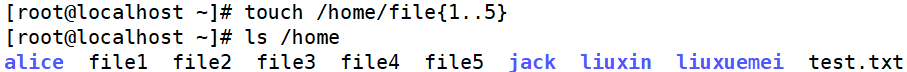 [root@localhost ~]# touch /home/file{1..5}
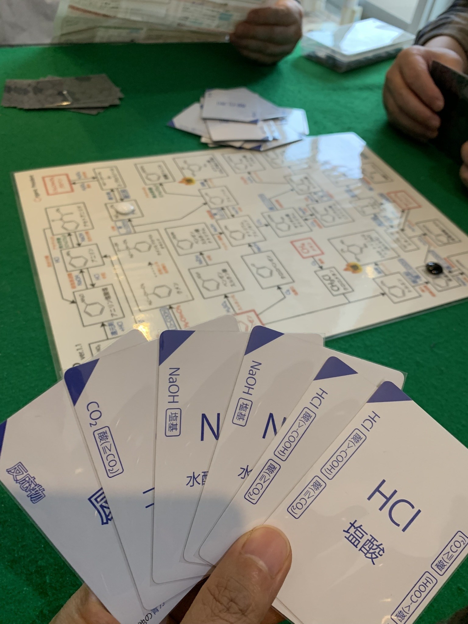 このゲームを開発したのは現役の東大生とのことです。受験勉強の傍ら有機化合物の反応を覚えるために作ったというのだから遊んでいるよりはお勉強している感じがしてあまり楽しめなかったかな。ボードに一覧があるので次にこのカードは出せる、出せないというのは見てわかったのは幸いでした。割とどの状態でも化合できる物質もあって、自然界にもワイルドカードみたいな存在があるものだなぁ、と感心するのでした。先生の素晴らしいレビューもありますのでぜひどうぞ。
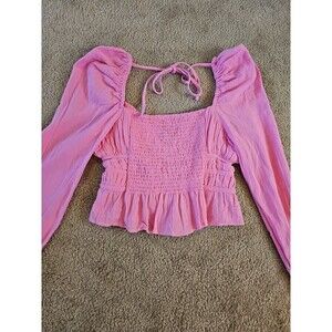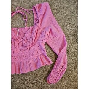 Free People Chloe Top Aurora Pink SMALL Sweetheart Neckline Smocked Back Tie $98
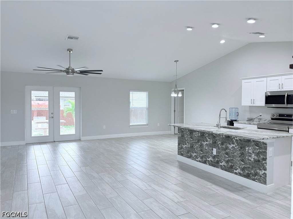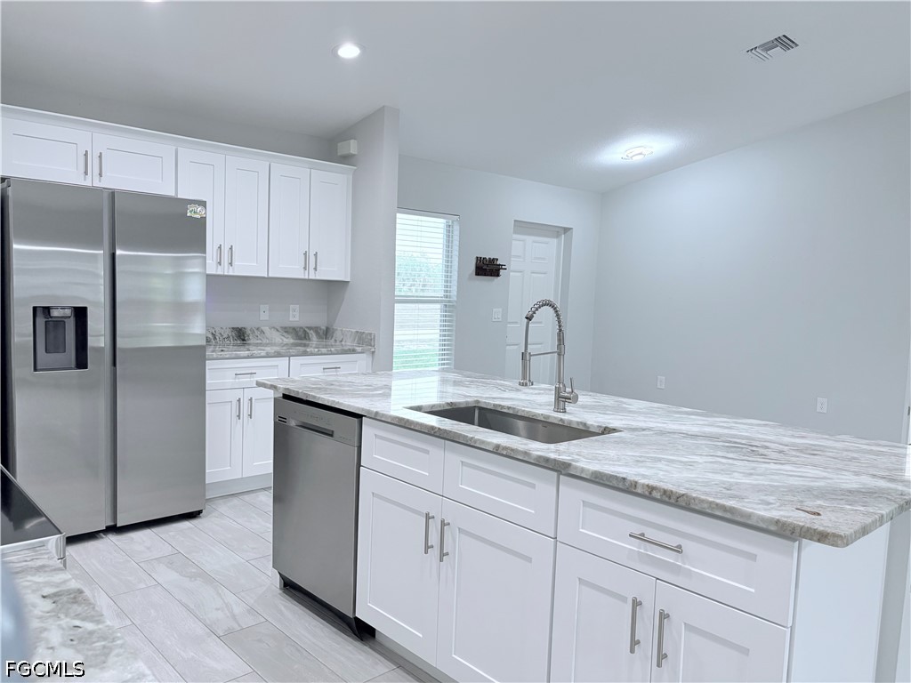 This beautiful home, located in Cape Coral was built in 2022, offers 1,440 square feet of modern, spacious living. It features three bedrooms and two bathrooms, with a large kitchen that boasts elegant granite countertops and stainless steel appliances. The bathrooms are beautifully appointed, and the home has ceramic tile floors throughout. The driveway is paved, and outside. The garage is finished with epoxy flooring. Don’t miss the opportunity to see this stunning property!
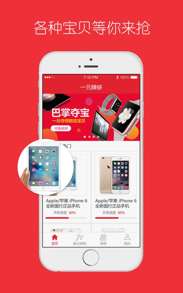 一元赚购app是一款专业的一元众筹购物应用,全场各种高大上的商品,统统只要一元钱。绝对正品保证,是您碰运气的好地方。
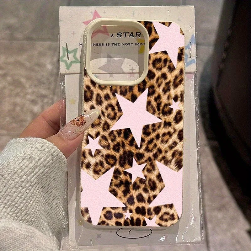 Pink Star Leopard Print TPU Pattern Silicone Phone Case For iPhone 17 16 15 Pro Max 14 13 12 11 XS X XR 16E 16 Plus 17 Air Cover $3.14
□ □ □
**How to complete this task**: Please output all the records above exactly, leaving out every picture.

**Output of the task**:
 [root@localhost ~]# touch /home/file{1..5}
 このゲームを開発したのは現役の東大生とのことです。受験勉強の傍ら有機化合物の反応を覚えるために作ったというのだから遊んでいるよりはお勉強している感じがしてあまり楽しめなかったかな。ボードに一覧があるので次にこのカードは出せる、出せないというのは見てわかったのは幸いでした。割とどの状態でも化合できる物質もあって、自然界にもワイルドカードみたいな存在があるものだなぁ、と感心するのでした。先生の素晴らしいレビューもありますのでぜひどうぞ。
 Free People Chloe Top Aurora Pink SMALL Sweetheart Neckline Smocked Back Tie $98
 This beautiful home, located in Cape Coral was built in 2022, offers 1,440 square feet of modern, spacious living. It features three bedrooms and two bathrooms, with a large kitchen that boasts elegant granite countertops and stainless steel appliances. The bathrooms are beautifully appointed, and the home has ceramic tile floors throughout. The driveway is paved, and outside. The garage is finished with epoxy flooring. Don’t miss the opportunity to see this stunning property!
 一元赚购app是一款专业的一元众筹购物应用,全场各种高大上的商品,统统只要一元钱。绝对正品保证,是您碰运气的好地方。
 Pink Star Leopard Print TPU Pattern Silicone Phone Case For iPhone 17 16 15 Pro Max 14 13 12 11 XS X XR 16E 16 Plus 17 Air Cover $3.14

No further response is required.